U.S. employees are more likely to say they are struggling in their lives rather than thriving, and confidence in the job market — especially among college-educated workers and young people — has fallen to new lows, according to a recent Gallup report.
Nearly half of U.S. workers (49%) reported in 2025 that they were struggling in their lives, compared with 46% who said they were thriving. Five percent said they were suffering. Gallup noted that the findings contrast sharply with readings taken in 2022 and 2023, when over half of employees said they were thriving.
“The slide in workers’ thriving rate has been gradual but consistent,” Gallup reported, noting that no quarterly readings have shown back-to-back increases in employees’ thriving rate.
Though most U.S. employees reported less thriving in 2025, the thriving rate of federal government employees fell much more sharply than it did in other sectors — a change that once again contrasted with ratings recorded in 2022. At that time, federal workers had an average thriving rate of 60%; however, the rate fell to an average of 48% in 2025, which Gallup said constituted a shift “far outpacing the drops in state and local government workers’ combined thriving rate” as well as that of the average American employee. The steepest drop in federal employees’ thriving rates occurred in 2025, Gallup found.

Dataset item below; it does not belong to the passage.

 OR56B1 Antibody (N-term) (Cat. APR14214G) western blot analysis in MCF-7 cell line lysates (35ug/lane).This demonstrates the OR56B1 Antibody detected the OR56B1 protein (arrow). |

According to the report, U.S. workers were generally pessimistic about the job market, with 72% saying it was a bad time to find a quality job and just 28% considering it a good time. In 2022, 70% of workers were optimistic and 30% were pessimistic.
“The 42-point decline since then represents the largest collapse in job market confidence Gallup has recorded in the past four years,” Gallup reported.

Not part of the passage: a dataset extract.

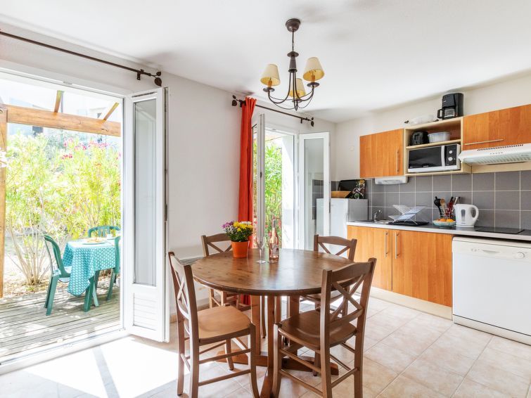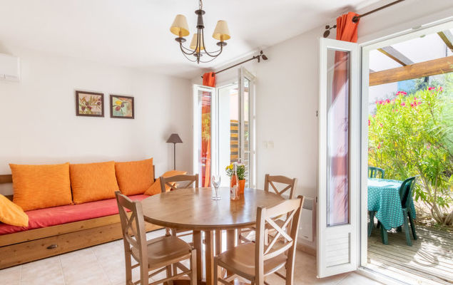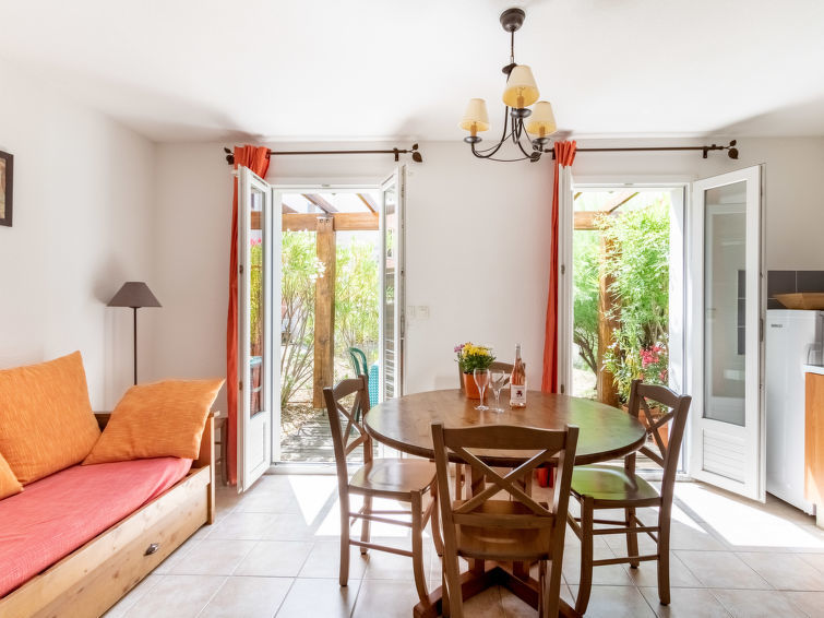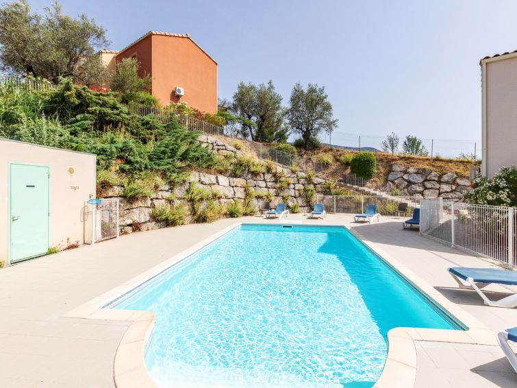 "Le Domaine de l'Oliveraie 37", huis 3-kamers 48 m2 op 2 verdiepingen. Doelmatig en comfortabel ingericht: woon-/eetkamer met 1 divanbed (140 cm), eettafel, TV, elektrische kachel en air-conditioning. Uitgang naar het terras. Kookhoek (afwasmachine, 2 keramische glas kookplaten, broodrooster, waterkoker, magnetron, elektrische koffiemachine). Badkamer. Bovenverdieping: 1 kamer met 2 bedden (90 cm, lengte 190 cm). 1 kamer met 1 2-pers bed (1 x 140 cm, lengte 190 cm). Aparte WC. Klein terras 9 m2. Terrasmeubelen, elektrische barbecue. Op het zwembad. Ter beschikking: strijkijzer, kinderbed, haardroger. Internet (Internet (WiFi), gratis). Parkeerplaats nr. réservé 1 voiture op 110 m. Let op: niet rokers woning. Rookmelders. Aanbod door een particulier volgens art. 155, IV van CGI.

In another trend reversal, workers with college educations were less optimistic about finding a quality job than those who did not hold a college degree. Gallup reported that until 2024, college-educated workers were slightly more likely to say it was a good time to find a job, but by late 2025, only 19% of that group still held that opinion. By contrast, 35% of those without college degrees had confidence in the job market.
Younger workers were more likely than older adults to be pessimistic about finding a good job, and younger workers were also more likely to be actively searching for a new job or watching for opportunities. Overall, 11% of all U.S. employees said they were looking for a new job and 40% said they were watching for new opportunities.

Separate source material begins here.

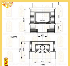 Облицовка из майолики ручной работы. Доступна в вариантах с банкеткой слева, с банкеткой справа или без банкетки, с декоративным дымоходом. Симметричная банкетка слева или справа.

Most employees who said they were dissatisfied with their jobs and hoping to change positions cited their current pay or benefits as the reason. Many also said they were looking for more opportunities to grow and advance, and about three in 10 said they want to leave their current job due to poor leadership or management.
However, 30% of employees said they felt “stuck” in their current job, and 43% said they wouldn’t leave because it would be too difficult or expensive. The majority (69%) of those who said they wouldn't leave because of the cost said they couldn’t afford to lose their current pay or benefits. Fifty-one percent said they would struggle to find a comparable job, and 36% said they are tied to their current schedule or flexibility arrangements.
Gallup also found that job searching has proved difficult. Forty-nine percent of those seeking a new position say they have had a very or somewhat negative job searching experience, and more than half of those who applied for at least one job in the past 30 days said they had not received any interviews.
Gallup highlighted concerns about employees’ satisfaction and struggling rates, saying that low thriving rates are tied to increased illness — and therefore days off work — and high turnover rates, creating performance risks and a disengaged workforce.
“What makes this moment distinct is not just the scale of discontent, but the conditions that surround it,” Gallup reported. “Workers who want to leave largely cannot — constrained by economics, a cooling labor market and the difficulty of finding anything comparable to what they have. The result is a workforce that is restless but largely immobile, with job watching increasingly concentrated among younger workers who are still in the early stages of their careers.”